The  HGNC approved symbol is being increasingly used for human genes and is very useful for database queries, especially since “stemming” can be used for sub-family queries. For example FFAR will retrieve FFAR’s 1,2 and 3, (but not GPR42)  The HGNC symbol web link  also provides a useful ”Atlantic crossing” where outlinks to both European and US identifiers are included.  However there are caveats to be aware of. 

 

 

The HGNC approved name is also being adopted by major databases but it is also not without problems, the main one being spelling or punctuation differences (generated systematically or just errors), in many databases.  Their correct use in publications is patchy and also confounded by the fact that while Greek symbols are used freely in print they have to be spelled out in databases.  Some HGNC names actually include synonyms in brackets e.g. A3GALT2 alpha 1,3-galactosyltransferase 2 (isoglobotriaosylceramide synthase), which seems to defeat the object but they are trying to move these to the alias fields.  Names have advantages over symbols of course in being descriptive and allow some useful stemming searches e.g. ”fatty acid”. 

 

Swiss-Prot also known as  UniProtKB/SwissProt is the worlds leading source of protein annotation and in most cases the HGNC symbol will link to it.  With over 50 outlinks it provides comprehensive context information on the bioinformatics, structure and function for any protein that is indexed.  It also now includes links to DrugBank for 413 human drug targets. 

 

The Entrez Gene ID (formerly called Locus Link) defines a unique gene locus in a particular species.
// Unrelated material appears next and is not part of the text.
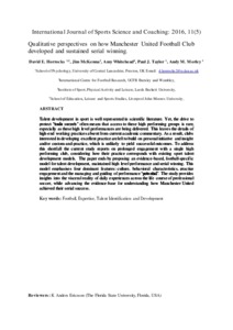 Horrocks, DE, McKenna, J, Whithead, A, Taylor, PJ orcid iconORCID: 0000-0002-9999-8397 and Morley, AM orcid iconORCID: 0000-0003-1942-1983 (2016) Qualitative perspectives on how Manchester United Football Club developed and sustained serial winning. International Journal of Sports Science & Coaching, 11 (4). pp. 467-477. ISSN 1747-9541

From table 1 2864 defines  FFAR1 specifically  from Homo sapiens whereas 233081 defines the mouse ortholgue.  The Entrez Gene system is gene-centric (not protein-centric like Swiss-Prot  nor transcript-centric like Unigene)  so technically their may be multiple protein and mRNA products derived from that “locus”.   However in most cases you will find a  single RefSeq protein reference sequence, as for this entry  NP_005294.  In most cases this will be identical with the Swiss-Prot entry.   The Entrez Gene ID is the highest specificity query for databases.  There is a particular problem in older literature from the use of names which later became expanded gene families. Elastase is a good example, which eventually became 1,2,3a and 3b. In these cases, despite the authenticity and value of the retrospective biochemical data, it may not be possible to make an unequivocal sequence identifier mapping. 

 

Ensembl Gene provides a gene-centric entry point and is conceptually similar to Entrez Gene.  A key use for target mapping is the comprehensive indexing of increasing numbers of orthologues from species with completed genomes.

 

CAS Registry Number is a unique numeric identifier that designates any substance identified from the scientific literature including protein sequences They can be used as entry points to SciFinder but are not mapped or linked outside the SciFinder system.